## Task brief
Return every line from the records below that has the word "International".

★ ★ ★ ★

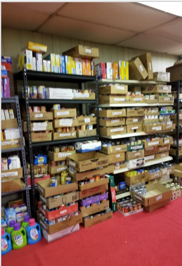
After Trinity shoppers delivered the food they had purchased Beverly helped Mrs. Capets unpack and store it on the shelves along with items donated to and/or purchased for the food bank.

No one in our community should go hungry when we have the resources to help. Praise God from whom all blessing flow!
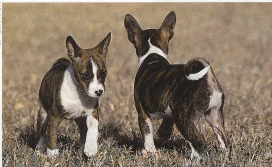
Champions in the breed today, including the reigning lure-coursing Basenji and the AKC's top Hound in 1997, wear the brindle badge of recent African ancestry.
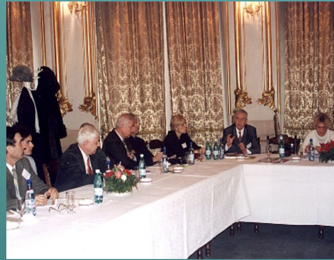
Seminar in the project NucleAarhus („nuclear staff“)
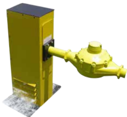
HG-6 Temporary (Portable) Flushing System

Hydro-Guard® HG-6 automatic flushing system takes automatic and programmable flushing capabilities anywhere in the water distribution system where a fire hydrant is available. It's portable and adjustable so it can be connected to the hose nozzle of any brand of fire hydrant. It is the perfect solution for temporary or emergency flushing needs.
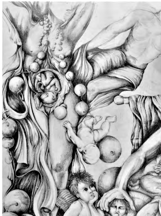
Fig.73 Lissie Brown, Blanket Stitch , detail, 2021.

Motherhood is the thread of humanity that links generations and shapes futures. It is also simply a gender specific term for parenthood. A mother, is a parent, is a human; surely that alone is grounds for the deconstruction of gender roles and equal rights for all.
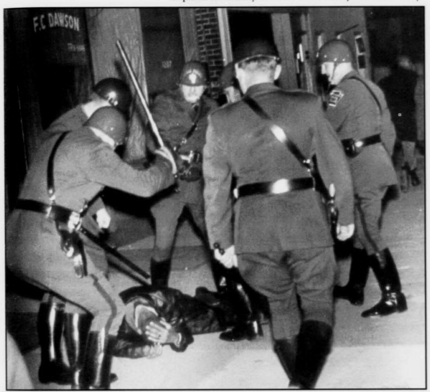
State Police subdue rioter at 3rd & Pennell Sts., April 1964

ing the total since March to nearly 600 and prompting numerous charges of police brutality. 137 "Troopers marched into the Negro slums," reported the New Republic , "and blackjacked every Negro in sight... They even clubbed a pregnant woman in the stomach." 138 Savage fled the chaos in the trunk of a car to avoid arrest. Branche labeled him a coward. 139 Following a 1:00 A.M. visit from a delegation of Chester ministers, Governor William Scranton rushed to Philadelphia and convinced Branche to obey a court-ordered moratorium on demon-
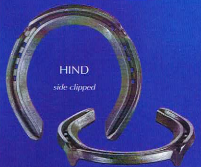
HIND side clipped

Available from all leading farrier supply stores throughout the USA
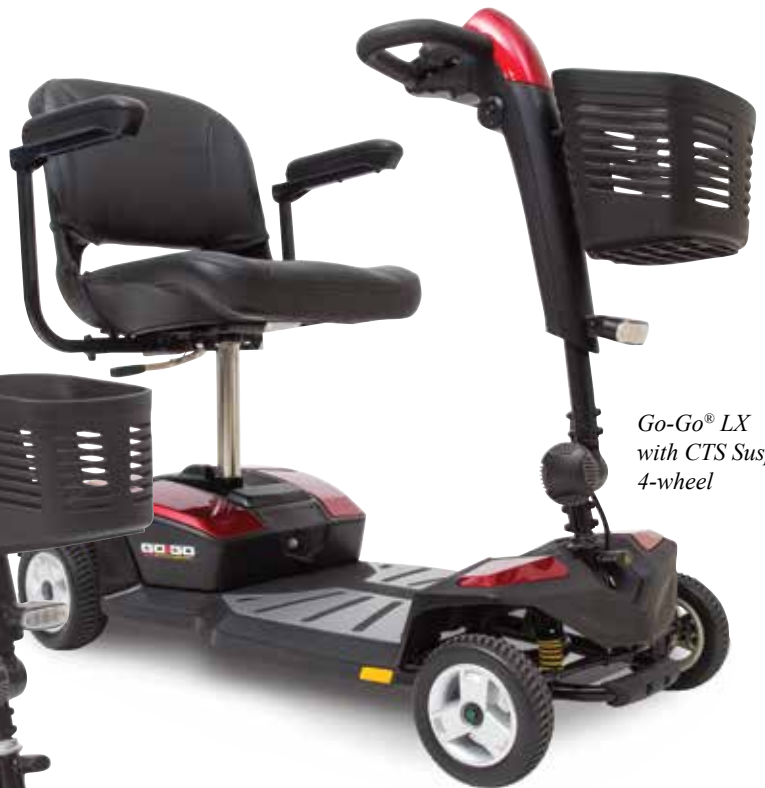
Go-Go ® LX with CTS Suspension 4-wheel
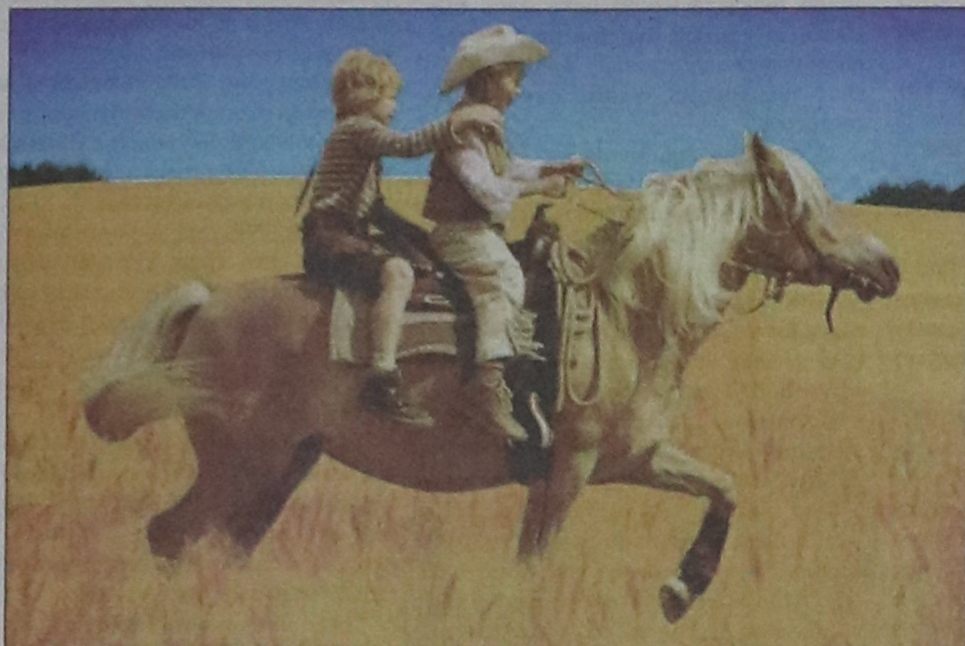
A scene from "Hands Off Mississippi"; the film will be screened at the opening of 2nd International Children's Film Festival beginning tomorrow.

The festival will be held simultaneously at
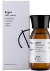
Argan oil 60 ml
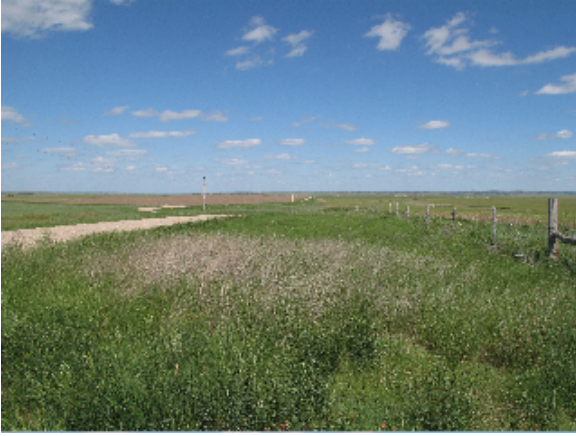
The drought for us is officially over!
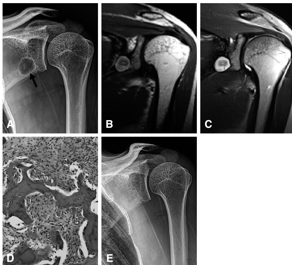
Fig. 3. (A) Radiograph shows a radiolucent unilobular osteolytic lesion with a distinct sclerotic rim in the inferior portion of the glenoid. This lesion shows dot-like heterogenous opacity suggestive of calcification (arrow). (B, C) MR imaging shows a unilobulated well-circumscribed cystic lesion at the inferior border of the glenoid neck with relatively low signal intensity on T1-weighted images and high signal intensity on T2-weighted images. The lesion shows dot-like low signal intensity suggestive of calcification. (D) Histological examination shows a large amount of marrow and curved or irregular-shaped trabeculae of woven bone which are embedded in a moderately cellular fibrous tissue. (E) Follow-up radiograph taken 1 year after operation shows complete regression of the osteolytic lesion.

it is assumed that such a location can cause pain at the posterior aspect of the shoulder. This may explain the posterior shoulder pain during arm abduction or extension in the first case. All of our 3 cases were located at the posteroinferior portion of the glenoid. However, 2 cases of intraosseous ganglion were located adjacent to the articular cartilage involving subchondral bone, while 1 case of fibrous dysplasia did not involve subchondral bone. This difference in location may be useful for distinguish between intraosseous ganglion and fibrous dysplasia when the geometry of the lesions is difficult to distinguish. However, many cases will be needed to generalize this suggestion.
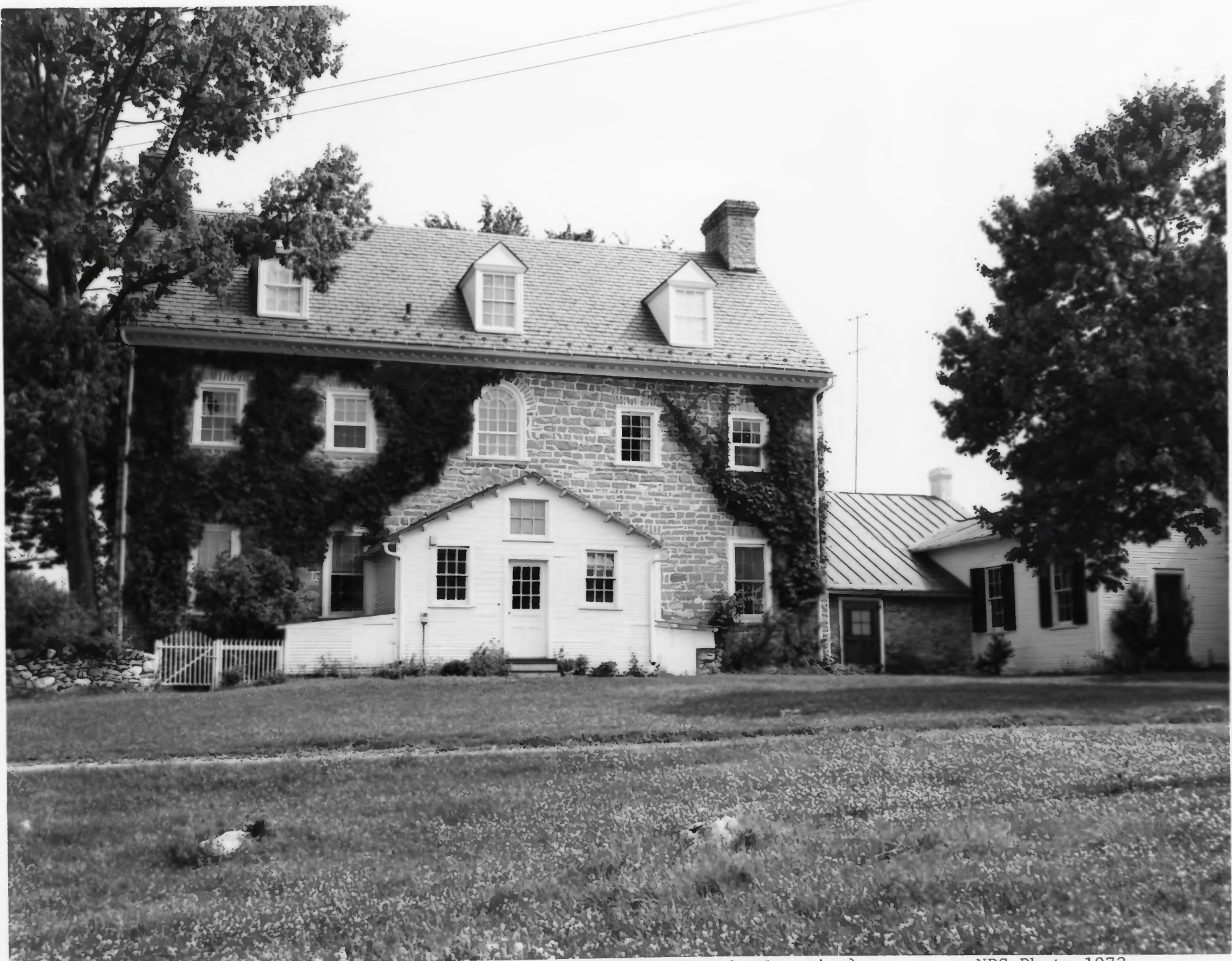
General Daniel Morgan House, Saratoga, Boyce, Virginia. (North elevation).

★ ★ ★ ★

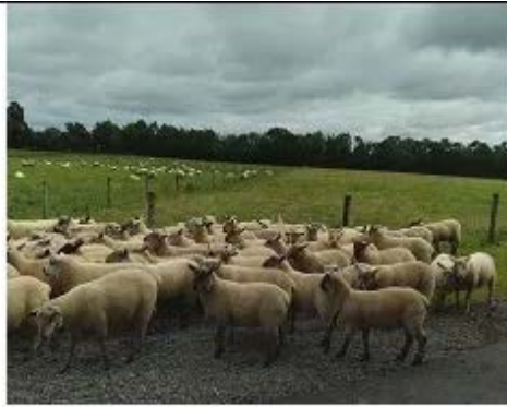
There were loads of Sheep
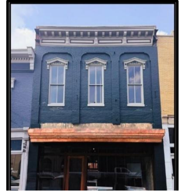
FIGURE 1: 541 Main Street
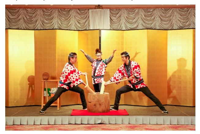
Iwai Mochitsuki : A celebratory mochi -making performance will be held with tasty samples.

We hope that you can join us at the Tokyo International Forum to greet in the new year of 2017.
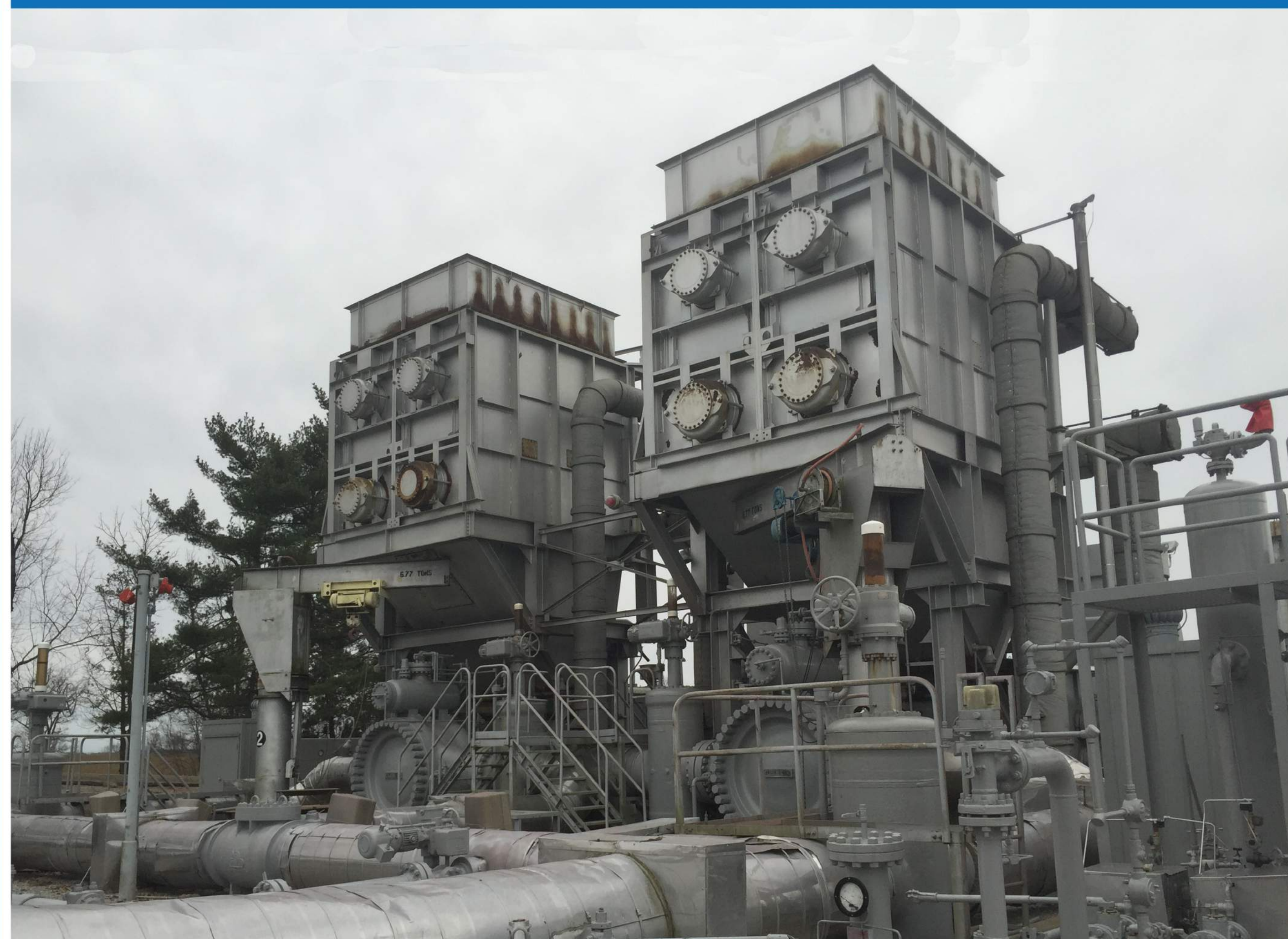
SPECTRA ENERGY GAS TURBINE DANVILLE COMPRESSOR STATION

★ ★ ★ ★

## Solved problem
A scene from "Hands Off Mississippi"; the film will be screened at the opening of 2nd International Children's Film Festival beginning tomorrow.
We hope that you can join us at the Tokyo International Forum to greet in the new year of 2017.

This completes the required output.